### DATA FOR THE TASK
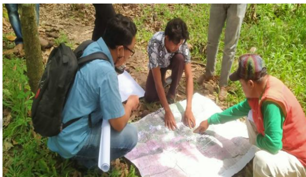
Pemutakhiran Data PBB-P2
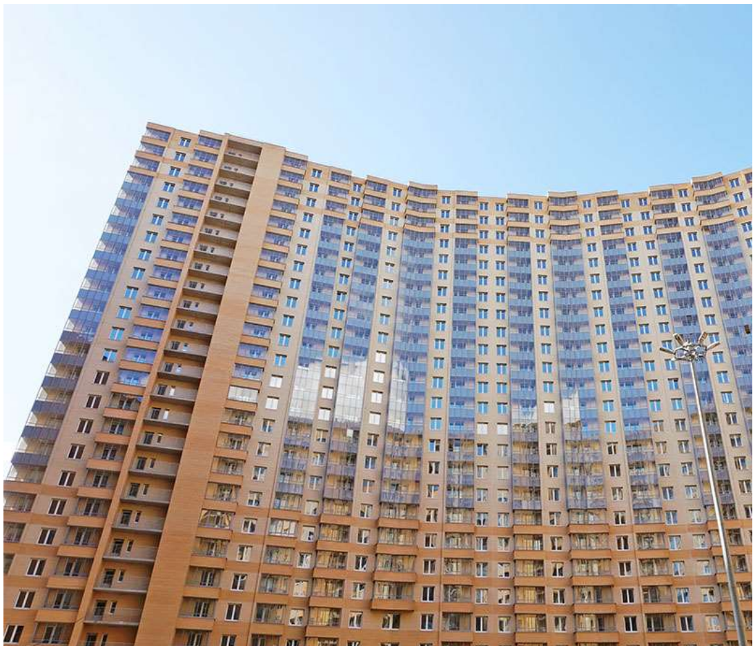
Вид на секции 1-4 со двора
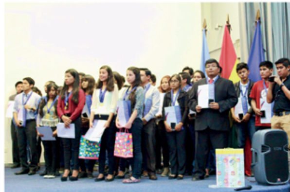
Los mejores estudiantes premiados por la UMSS, gestión 2017.
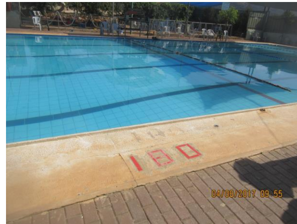
האזור ממנו הוצאה התלמידה מהמים

במהלך הרחצה היו שלושה תלמידים במים. כשהצוות החינוכי התחיל בהוצאת התלמידים מהבריכה, אחת התלמידות ביקשה להשאר בבריכה עד ששאר התלמידים יצאו. המורה נעתרה לבקשת התלמידה והפנתה את גבה בכדי להוציא את שאר התלמידים מהמים. כשפנתה המורה להוציא את התלמידה, גילתה שמורה מקבוצה אחרת משה אותה מהמים כשהיא מחוסרת הכרה. בוצעו בה פעולות החייאה על ידי צוות חירום מד"א שהוזעק למקום, אך לבסוף נקבע מותה.
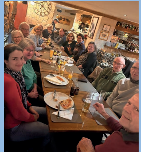
Stammtisch: Austausch, Beratung und Hörtraining
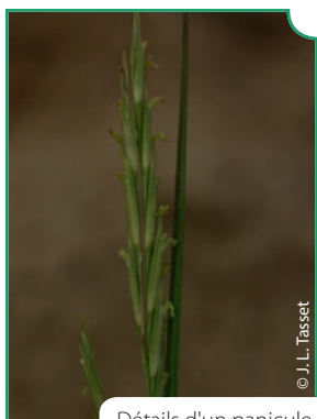
Détails d'un panicule

Graminée vivace formant des touffes denses, originaire d'Amérique du Nord.
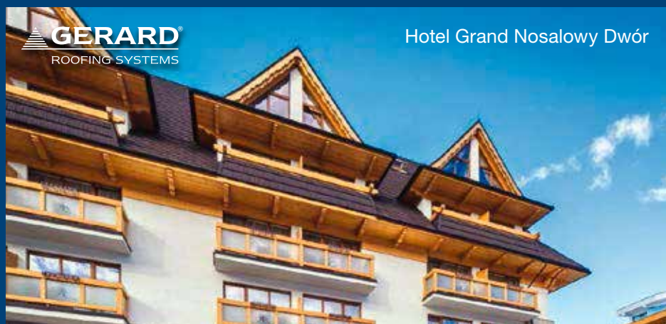
Hotel Grand Nosalowy Dwór

Oferujemy Państwu wszystkie wymienione zalety wraz z 50 letnim okresem Gwarancji Producenta.
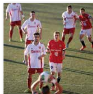
07 SETEMBRE 2015
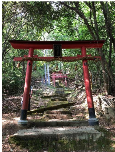
木器手前の天柏神社。 ここに降りるのにまず頂上からの 降口が分かりずらく、猿のように 木をつかみながらの下山。
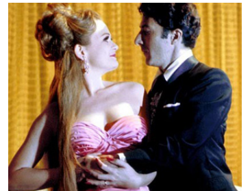
1974 LENNY (Lenny) de Bob Fosse avec Valerie Perrine
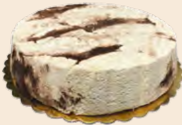
Σαλονικιός Βανίλια με κουβερτούρα Extra Salonikios Vanilla with couverture Extra Ταψί / Pan
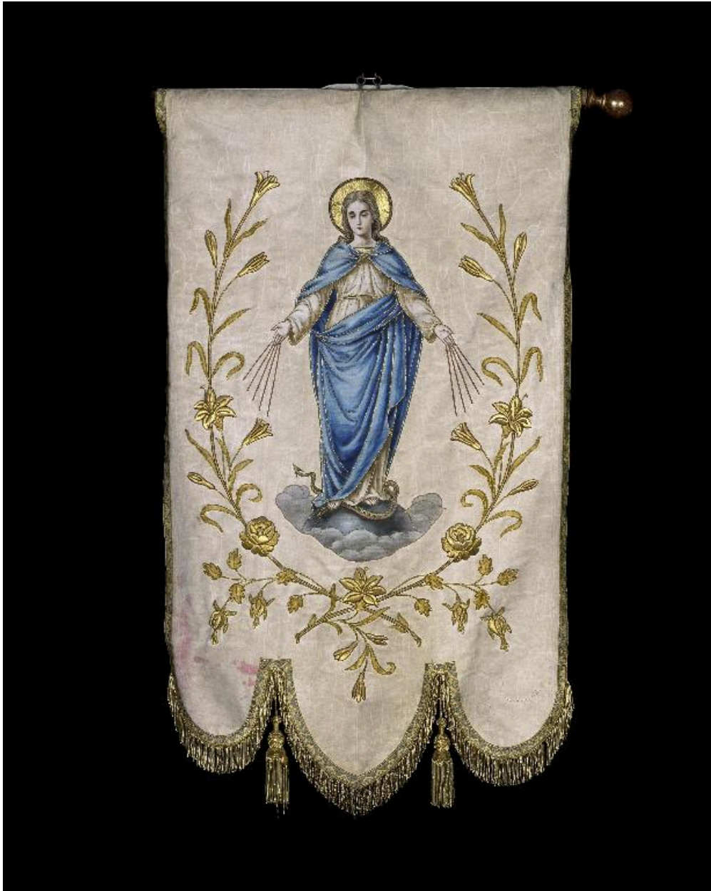
Vue générale de la bannière.
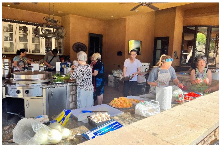
圖說：講師與內場與志工們製作臺灣美食
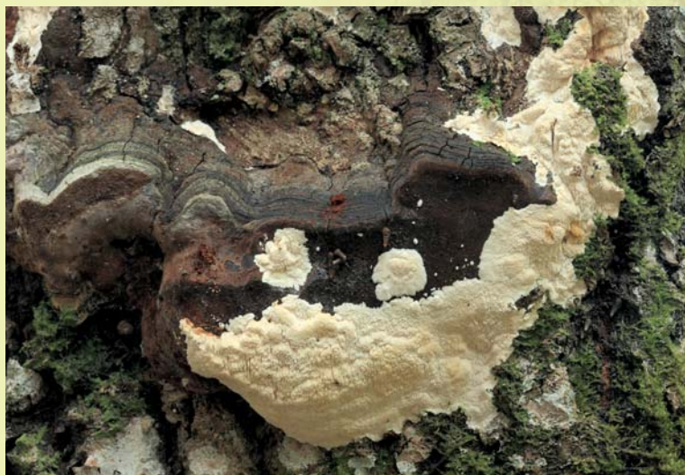
Haavanäätsu kreemika värvusega liibuvaid viljakehi võib leida vanadelt haavataeliku viljakehadelt.

Eestist on leitud tuhandeid seeneliike, suur osa neist on seotud metsaga. Kõige arvukam metsaga seotud seenerühm on puidul elavad torikseened. Ehkki torikseened lagundavad puitu ja põhjustavad seeläbi majanduslikku kahju, on neil ökoloogilises ainerings oluline roll. Teine suur rühm torikseente kõrval on lehikseened, kellest palju liike elavad metsapuu-dega sümbioosis ehk vastastikku kasulikes suhetes. Lehikseente hulka kuulub ka rohkesti tuntud söögiseeni, näiteks riisikad, pilvikud ja kukeseened. Lisaks meil küllalt tavalistele seeneliikidele leidub mõlemas rühmas ka haruldusi, neist osa on võetud looduskaitse alla või kantud Eesti ohustatud liikide punasesse nimestikku. Looduskaitsealuseid seeni on meil 46 liiki, millest enamik elab metsades.
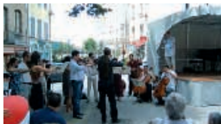
Orchestre de la Camerata du Rhône en concert off Place Ampère

L'été dernier, le festival des Pianissimes s'est déroulé du 29 juin au 7 juillet, en 7 concerts à l'Espace Culturel Jean Vilar et non sur l'Esplanade du Château.

### INSTRUCTIONS FOR THE TASK
Write the entries out in full and exactly, omitting every picture.

### PROBLEM SOLUTION
Pemutakhiran Data PBB-P2
Вид на секции 1-4 со двора
Los mejores estudiantes premiados por la UMSS, gestión 2017.
האזור ממנו הוצאה התלמידה מהמים

במהלך הרחצה היו שלושה תלמידים במים. כשהצוות החינוכי התחיל בהוצאת התלמידים מהבריכה, אחת התלמידות ביקשה להשאר בבריכה עד ששאר התלמידים יצאו. המורה נעתרה לבקשת התלמידה והפנתה את גבה בכדי להוציא את שאר התלמידים מהמים. כשפנתה המורה להוציא את התלמידה, גילתה שמורה מקבוצה אחרת משה אותה מהמים כשהיא מחוסרת הכרה. בוצעו בה פעולות החייאה על ידי צוות חירום מד"א שהוזעק למקום, אך לבסוף נקבע מותה.
Stammtisch: Austausch, Beratung und Hörtraining
Détails d'un panicule

Graminée vivace formant des touffes denses, originaire d'Amérique du Nord.
Hotel Grand Nosalowy Dwór

Oferujemy Państwu wszystkie wymienione zalety wraz z 50 letnim okresem Gwarancji Producenta.
07 SETEMBRE 2015
木器手前の天柏神社。 ここに降りるのにまず頂上からの 降口が分かりずらく、猿のように 木をつかみながらの下山。
1974 LENNY (Lenny) de Bob Fosse avec Valerie Perrine
Σαλονικιός Βανίλια με κουβερτούρα Extra Salonikios Vanilla with couverture Extra Ταψί / Pan
Vue générale de la bannière.
圖說：講師與內場與志工們製作臺灣美食
Haavanäätsu kreemika värvusega liibuvaid viljakehi võib leida vanadelt haavataeliku viljakehadelt.

Eestist on leitud tuhandeid seeneliike, suur osa neist on seotud metsaga. Kõige arvukam metsaga seotud seenerühm on puidul elavad torikseened. Ehkki torikseened lagundavad puitu ja põhjustavad seeläbi majanduslikku kahju, on neil ökoloogilises ainerings oluline roll. Teine suur rühm torikseente kõrval on lehikseened, kellest palju liike elavad metsapuu-dega sümbioosis ehk vastastikku kasulikes suhetes. Lehikseente hulka kuulub ka rohkesti tuntud söögiseeni, näiteks riisikad, pilvikud ja kukeseened. Lisaks meil küllalt tavalistele seeneliikidele leidub mõlemas rühmas ka haruldusi, neist osa on võetud looduskaitse alla või kantud Eesti ohustatud liikide punasesse nimestikku. Looduskaitsealuseid seeni on meil 46 liiki, millest enamik elab metsades.
Orchestre de la Camerata du Rhône en concert off Place Ampère

L'été dernier, le festival des Pianissimes s'est déroulé du 29 juin au 7 juillet, en 7 concerts à l'Espace Culturel Jean Vilar et non sur l'Esplanade du Château.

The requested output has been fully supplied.